Maui, the Hero and Trickster

What is the story of Maui?

In the many versions of his history, Maui takes on the aspects of the archetypal hero, beginning with a miraculous conception and birth. He is also clearly a culture hero, playing a role in the creation process and the civilizing of his people. And he is just as clearly, like Coyote in North America or Ananse in Africa, a trickster whose acts can cause difficulties in the world, even bringing death to creation. In one myth, Maui is said to have been conceived when a woman looked at the rising sun. The Maori say that when a premature son was born to Maui’s mother, she wrapped the child in a lock of hair from her top knot (tikitiki) and then threw him into the sea. Rangi, the sun, and presumably his father, rescued him and raised him in heaven, but when grown he emerged from the sea as Maui Ti’itit’i. In Hawaii, the island of Maui was named for him.

Upon his emergence, Maui became a culture hero/trickster. In most Polynesian islands he is credited with helping the people by catching the sun and slowing it down to provide more time for work and with bringing the islands themselves up from the depths, making him a type of earth-diver creator. One of Maui’s greatest feats was tricking the goddess of fire into revealing the secret of that element. In Samoa they say that Maui descended to the Underworld—a universal heroic act—to retrieve fire.

Maui died in the act of trying to overcome a female monster and death goddess, Hine-nui-te-po, by entering her vagina and emerging from her mouth. In this case the monster won and Maui was cut in half. By dying, Maui, who had sought immortality for humans, allowed death into the world.

Maui myths, like those of other tricksters, are often highly sexual and focused on genitals. One famous story can be seen as a fertility myth, perhaps reminding us of the ancient story of the Mesopotamian Inanna and her lover, Dumuzi. The beautiful goddess (or, some say human) Hina was living with Tuna the Eel (Te Tuna). Dissatisfied with Te Tuna, Hina went in search of more satisfying love. When she arrived at the land of the Male Principle Clan, she introduced herself as the “shameless pubic patch in search of love.” The men were afraid of Te Tuna, however, and sent her on her way. Now even more desperately craving love, Hina came to the land of the Maui Clan, and Maui, acceding to his mother’s urging, took Hina as his wife. The two lived together and experienced great passion for some time until some of the people informed Te Tuna of what was happening. When Te Tuna asked the people about Maui, they told him the hero’s penis was inferior. The people now warned Maui that Te Tuna was on his way to seek revenge, and Te Tuna approached Maui’s land from the sea, revealing a penis so large that it caused a tidal wave. Maui’s mother urged her son to reveal his own penis to Te Tuna to stop the wave.
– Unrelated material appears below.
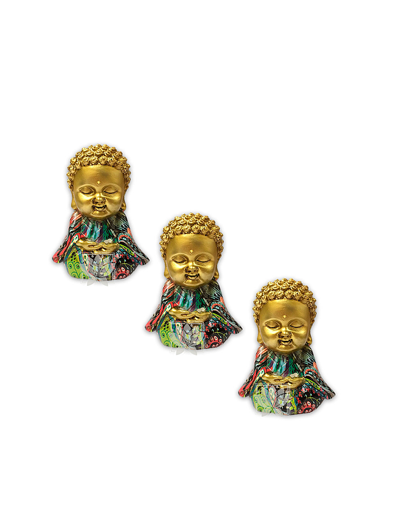 Set Figura Buda Meditando 3,5", poliresina con rasgos y detalles marcados de Buda en dos colores.

This Maui did, raising his member before the oncoming wave. In a great fight, Maui then killed Te Tuna’s companions but spared him. For a time the two rivals lived together with Hina, but finally they decided to fight for the sole rights to her. In a sexualized struggle, the rivals entered each other, and finally Maui cut off Te Tuna’s head and buried it (some say that Hina performed the burial). Before long a huge tree, known now as the coconut tree, grew from this “planting,” and the people have benefitted from the coconut’s nourishment to this day.